Shouldn't that comparison be weighted by how frequent the words are? For example words in the top 100 usage would count for more than the top 1000 and the top 10000.
It would be a much different story if British English and American English had different words for "a car". Which, by the way, happens in Spanish dialects ("el coche" vs "el carro").
here (argentina, non-native) we usually say 'el auto' but have significant use of 'coche'. 'carro' means something different; using it for an automobile sounds mexican
but if you showed an argentine a picture of a car, they might very well say 'auto' while perhaps someone from elsewhere would say 'coche', leading to a basically incorrect point of difference being measured in this study between the two dialects
Why would it be incorrect? Sometimes two or three different words describe the same thing and that's ok. If you poll enough people you can get a rough idea if one version is more dominant that the other, if there's an even split, or if different regions in the same country prefer different versions. Similar to soda/pop/coke in the US.
You can design a study with a high level of data granularity. You could even track differences in pronunciation and grammar if you wish so.
because 'we usually say coche but sometimes say auto' is almost the same as 'we usually say auto but sometimes say coche', but they differ from 'we always say carro'. if a study is saying spanish is radically different in montevideo and in buenos aires, it's just wrong. this may not be the particular design error that resulted in these incorrect results, but it seems like a promising candidate
I think we're both in agreement. Perhaps my example of coche/carro was unfortunate and I didn't make my point clear enough.
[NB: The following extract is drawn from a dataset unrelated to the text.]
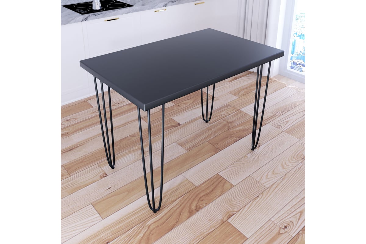 Стол кухонный Solarius Loft со столешницей цвета антрацит из массива сосны 40 мм на черных металлических ножках-шпильках, 120x70x75 см 710-10177

A well-designed study, in my mind, would compare the usage of a varied bag of words. Starting from articles, pronouns, numbers, common verbs, then common objects, verb forms, less common adjectives, ending with uncommon objects and phrases. The compared words would be weighted based on their frequency. If two dialects have the same articles, pronouns, numbers, etc. and some differences in less frequent nouns, they would be similar rather than radically different - at least lexically. Things might look differently if we look at pronunciation.
I don't know what list of words was compared in the study linked in this subthread, so it's hard for me to say anything about it.
It would be a much different story if British English and American English had different words for "a car". Which, by the way, happens in Spanish dialects ("el coche" vs "el carro").